BEGIN Source data

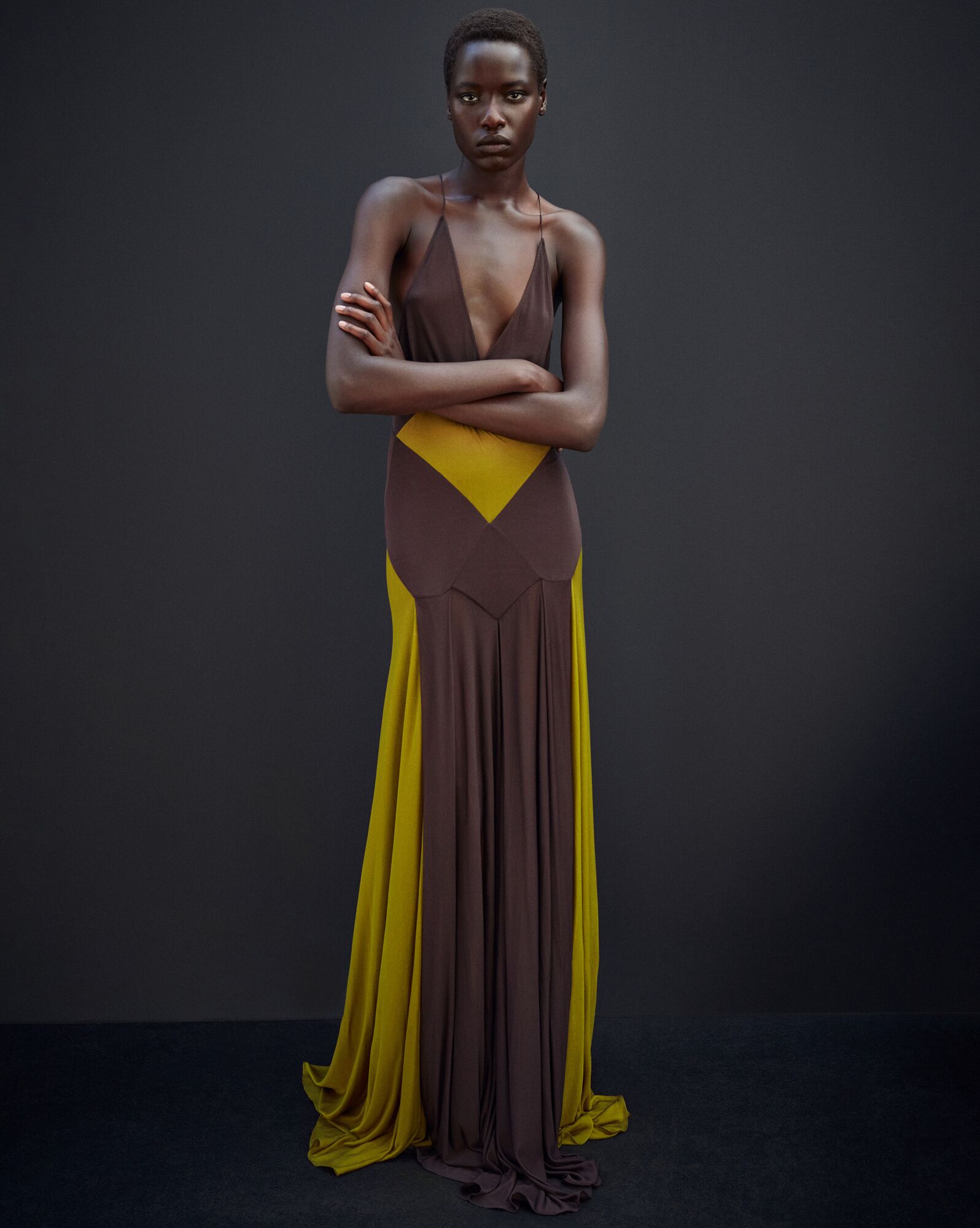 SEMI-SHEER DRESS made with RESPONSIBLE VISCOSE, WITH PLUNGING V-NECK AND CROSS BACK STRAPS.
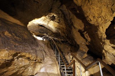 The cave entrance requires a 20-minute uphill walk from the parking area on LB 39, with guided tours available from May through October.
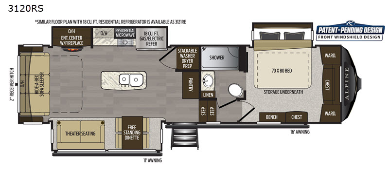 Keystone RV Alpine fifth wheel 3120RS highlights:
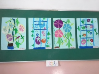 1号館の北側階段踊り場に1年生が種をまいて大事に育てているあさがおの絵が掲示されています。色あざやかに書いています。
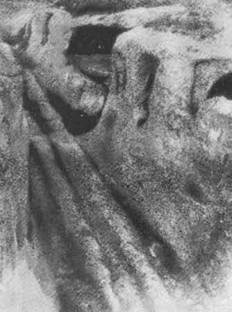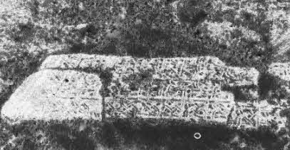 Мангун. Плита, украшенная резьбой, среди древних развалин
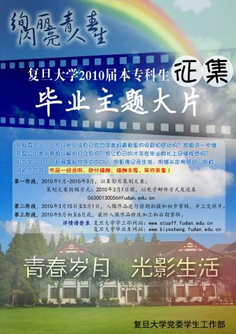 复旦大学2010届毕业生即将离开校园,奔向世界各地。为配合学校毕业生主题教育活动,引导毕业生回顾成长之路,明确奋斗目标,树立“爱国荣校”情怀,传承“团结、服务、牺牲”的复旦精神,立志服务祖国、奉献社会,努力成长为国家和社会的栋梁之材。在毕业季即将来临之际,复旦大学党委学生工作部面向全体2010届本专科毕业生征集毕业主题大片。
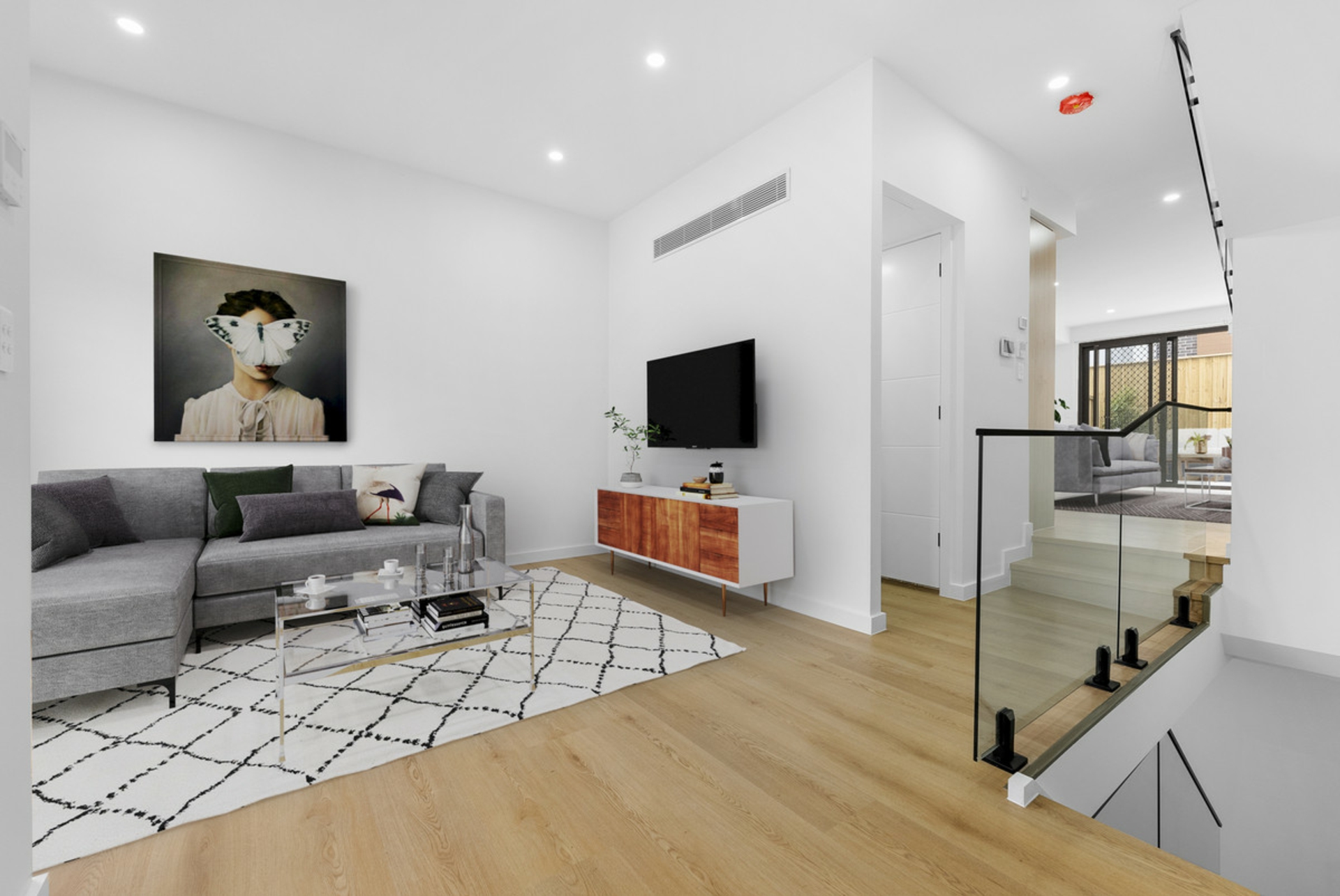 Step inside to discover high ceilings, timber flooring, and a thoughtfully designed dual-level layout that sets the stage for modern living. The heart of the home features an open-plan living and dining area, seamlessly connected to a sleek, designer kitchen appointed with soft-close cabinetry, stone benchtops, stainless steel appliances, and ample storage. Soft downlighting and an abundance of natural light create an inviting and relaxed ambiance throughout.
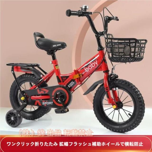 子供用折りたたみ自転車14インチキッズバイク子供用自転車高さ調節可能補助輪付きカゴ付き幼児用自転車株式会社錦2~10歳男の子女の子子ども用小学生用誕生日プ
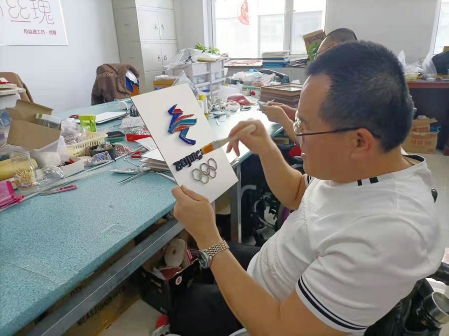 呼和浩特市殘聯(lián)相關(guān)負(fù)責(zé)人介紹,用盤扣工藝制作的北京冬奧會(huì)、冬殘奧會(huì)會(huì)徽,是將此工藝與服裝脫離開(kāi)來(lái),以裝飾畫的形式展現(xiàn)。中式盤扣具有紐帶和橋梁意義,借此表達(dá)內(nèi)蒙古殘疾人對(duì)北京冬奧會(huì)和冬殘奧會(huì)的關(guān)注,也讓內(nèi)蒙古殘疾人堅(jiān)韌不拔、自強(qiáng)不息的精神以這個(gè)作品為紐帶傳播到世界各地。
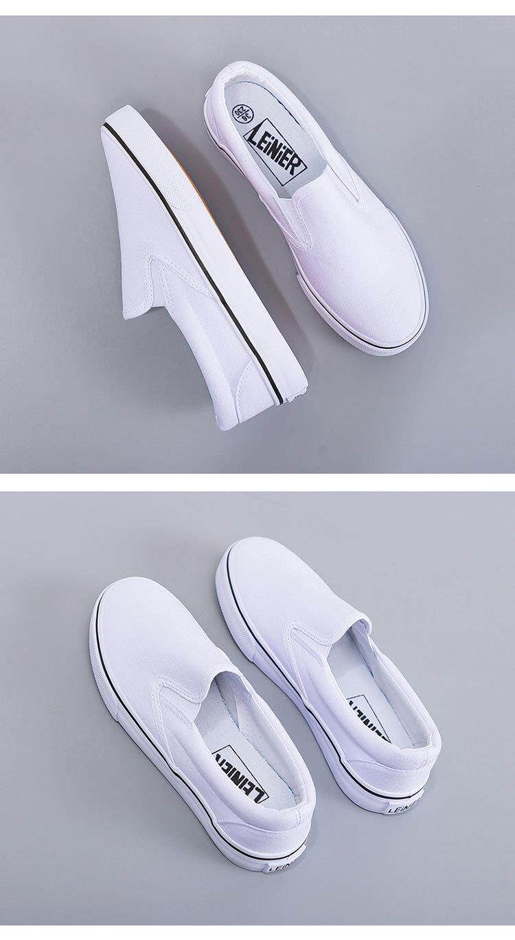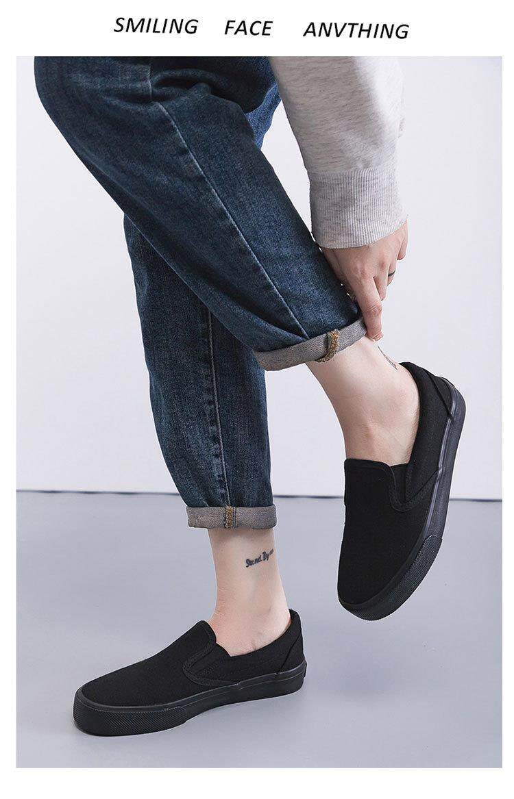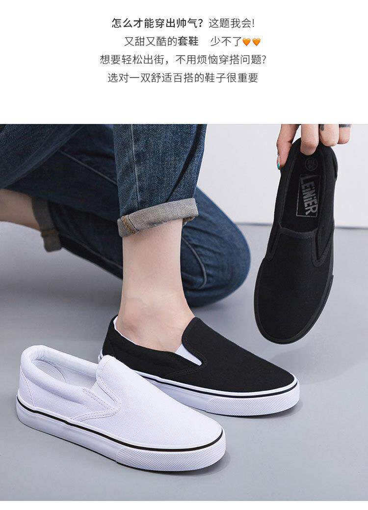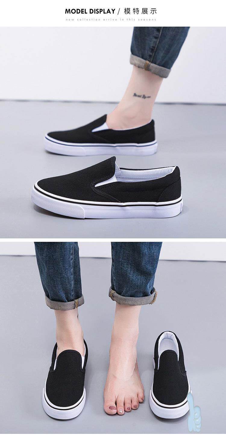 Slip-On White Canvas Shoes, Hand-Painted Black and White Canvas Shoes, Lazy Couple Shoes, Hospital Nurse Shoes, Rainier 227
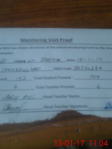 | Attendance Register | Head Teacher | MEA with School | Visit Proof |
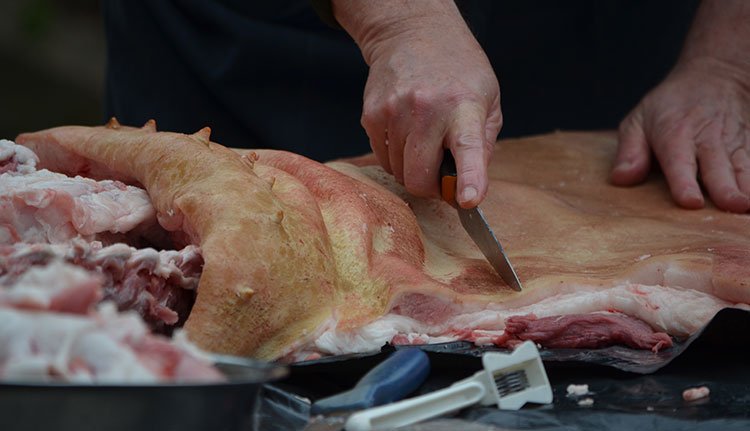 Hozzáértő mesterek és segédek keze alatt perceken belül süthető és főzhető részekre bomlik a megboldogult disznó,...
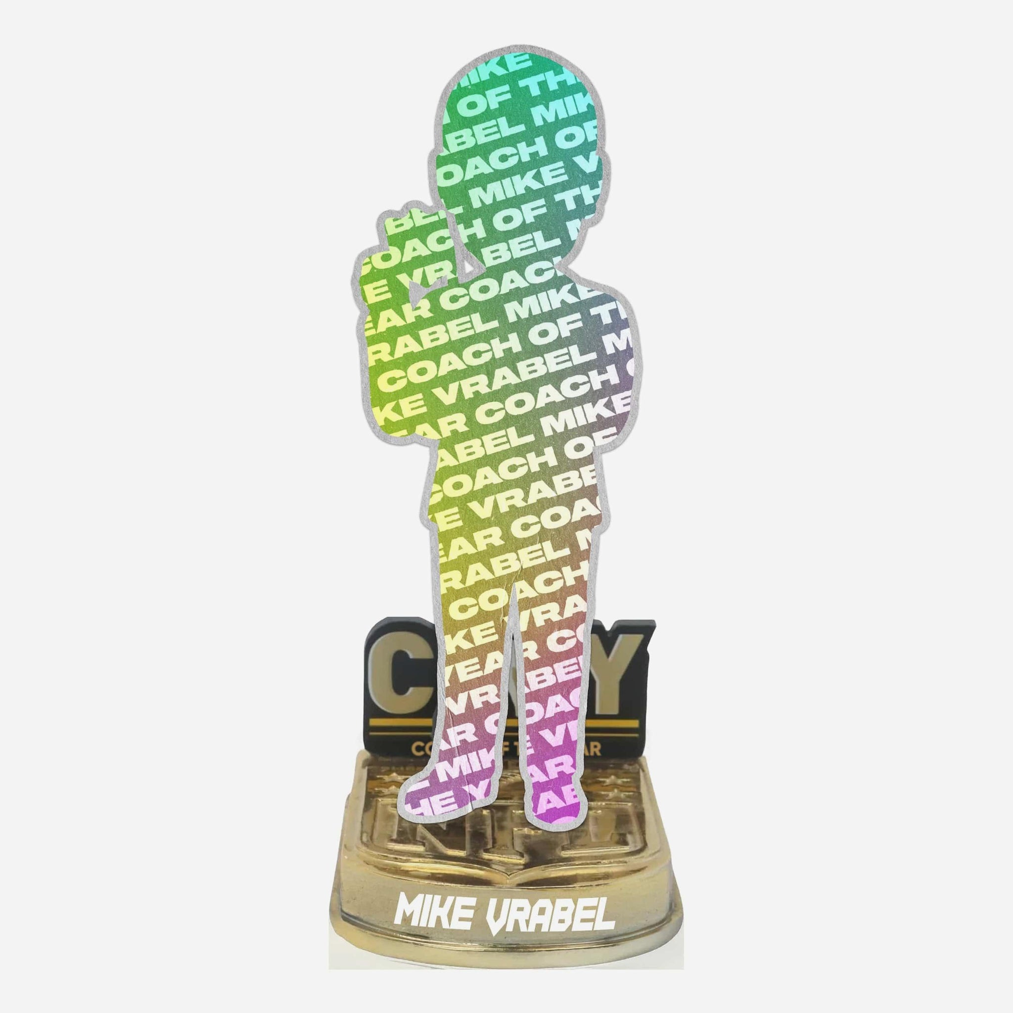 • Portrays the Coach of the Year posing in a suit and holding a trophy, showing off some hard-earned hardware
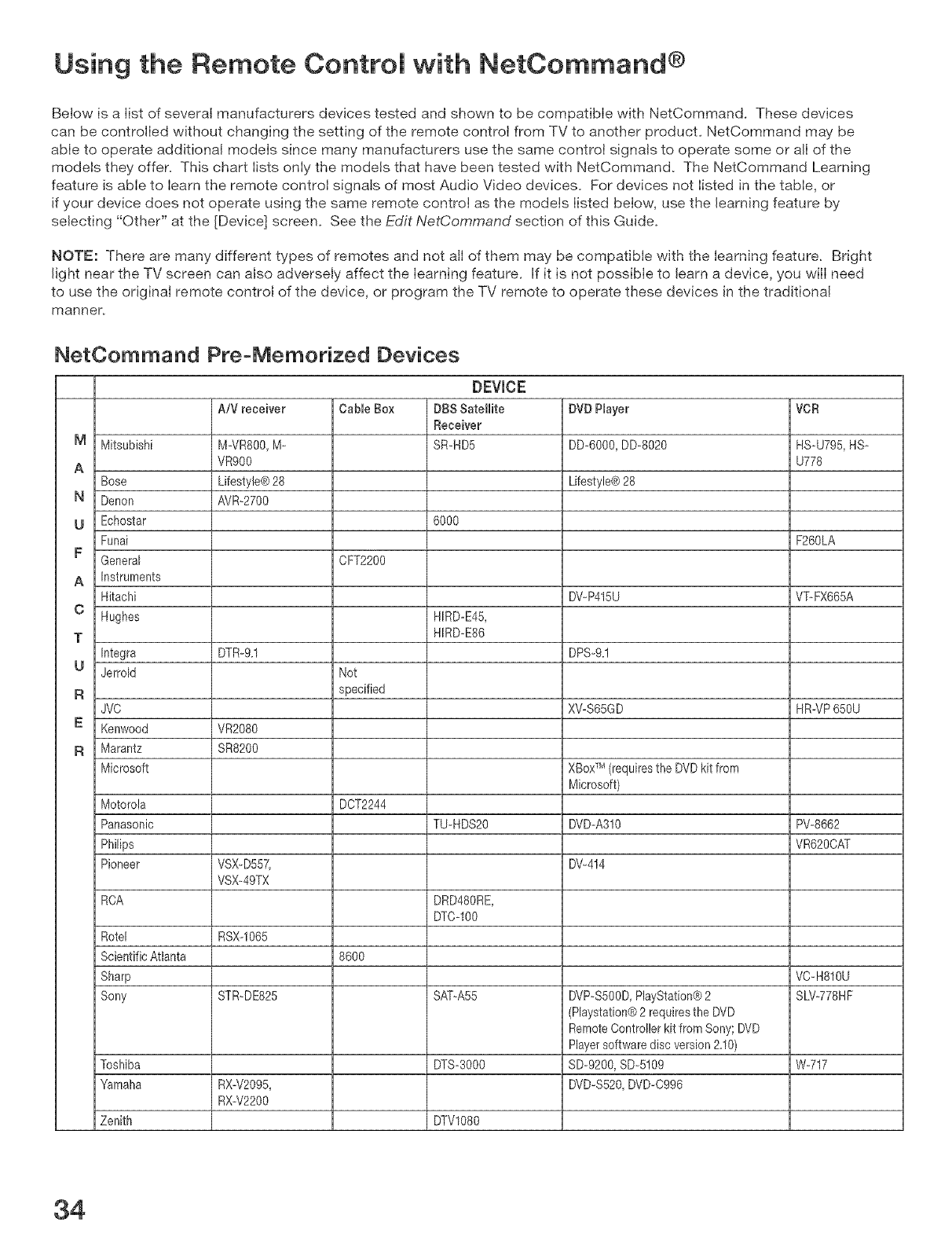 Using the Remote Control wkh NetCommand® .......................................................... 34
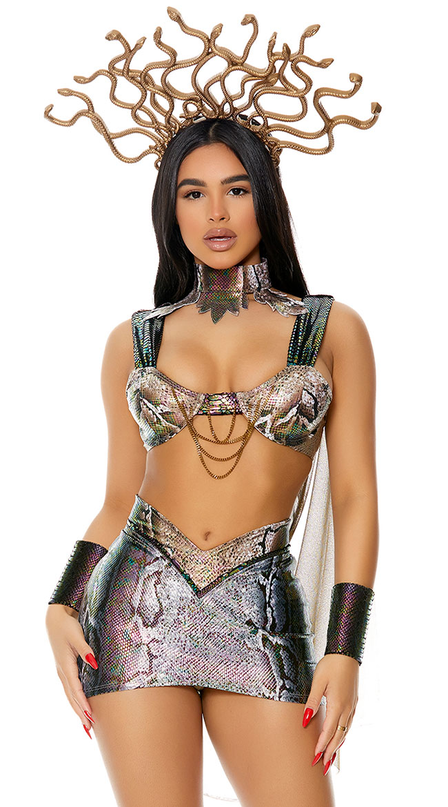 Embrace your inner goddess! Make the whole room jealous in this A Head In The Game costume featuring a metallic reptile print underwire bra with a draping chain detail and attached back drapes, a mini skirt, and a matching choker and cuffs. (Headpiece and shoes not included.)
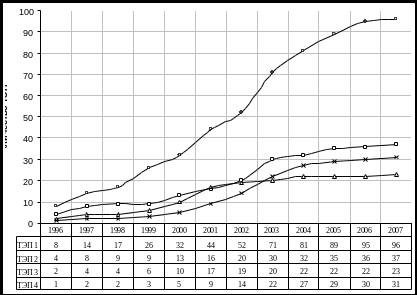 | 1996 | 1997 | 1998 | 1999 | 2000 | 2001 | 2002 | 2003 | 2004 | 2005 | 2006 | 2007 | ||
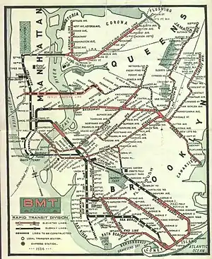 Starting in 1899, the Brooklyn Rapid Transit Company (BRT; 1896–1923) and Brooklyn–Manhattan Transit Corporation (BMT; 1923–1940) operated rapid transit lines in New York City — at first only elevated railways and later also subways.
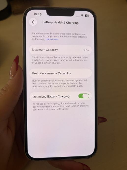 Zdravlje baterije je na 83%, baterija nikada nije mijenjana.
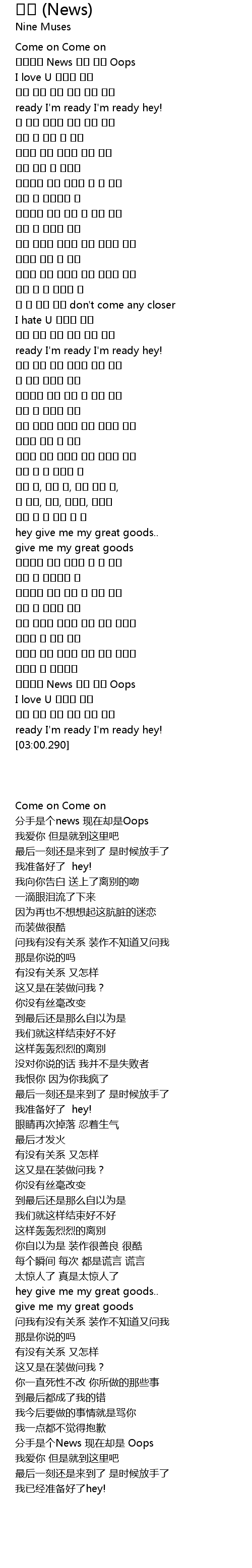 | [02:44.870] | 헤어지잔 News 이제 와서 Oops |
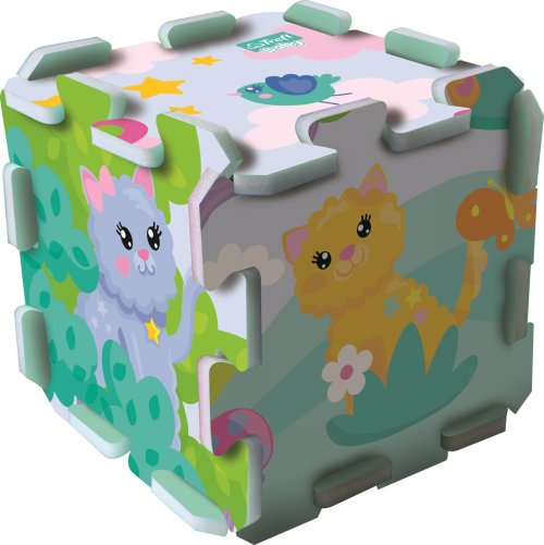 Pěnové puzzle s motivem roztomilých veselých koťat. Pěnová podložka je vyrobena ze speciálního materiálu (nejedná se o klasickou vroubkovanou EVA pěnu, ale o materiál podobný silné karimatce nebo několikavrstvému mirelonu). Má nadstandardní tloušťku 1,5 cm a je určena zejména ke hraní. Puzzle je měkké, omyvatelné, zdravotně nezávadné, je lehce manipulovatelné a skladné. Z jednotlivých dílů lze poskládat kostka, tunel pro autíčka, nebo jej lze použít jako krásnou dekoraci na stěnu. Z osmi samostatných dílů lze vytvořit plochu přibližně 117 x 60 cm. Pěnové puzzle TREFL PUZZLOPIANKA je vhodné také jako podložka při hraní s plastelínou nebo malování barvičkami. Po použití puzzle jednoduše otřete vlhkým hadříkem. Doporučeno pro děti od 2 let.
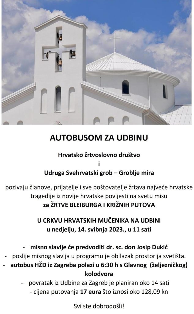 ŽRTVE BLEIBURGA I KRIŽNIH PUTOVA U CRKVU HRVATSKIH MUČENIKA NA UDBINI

END Source data

> [Your assignment] Taking the records above, print only and exactly the lines from the line with "Slip-On White Canvas" to the line with "some hard-earned hardware", both kept, and exclude pictures.

> [Answer to this task]
 Slip-On White Canvas Shoes, Hand-Painted Black and White Canvas Shoes, Lazy Couple Shoes, Hospital Nurse Shoes, Rainier 227
 | Attendance Register | Head Teacher | MEA with School | Visit Proof |
 Hozzáértő mesterek és segédek keze alatt perceken belül süthető és főzhető részekre bomlik a megboldogult disznó,...
 • Portrays the Coach of the Year posing in a suit and holding a trophy, showing off some hard-earned hardware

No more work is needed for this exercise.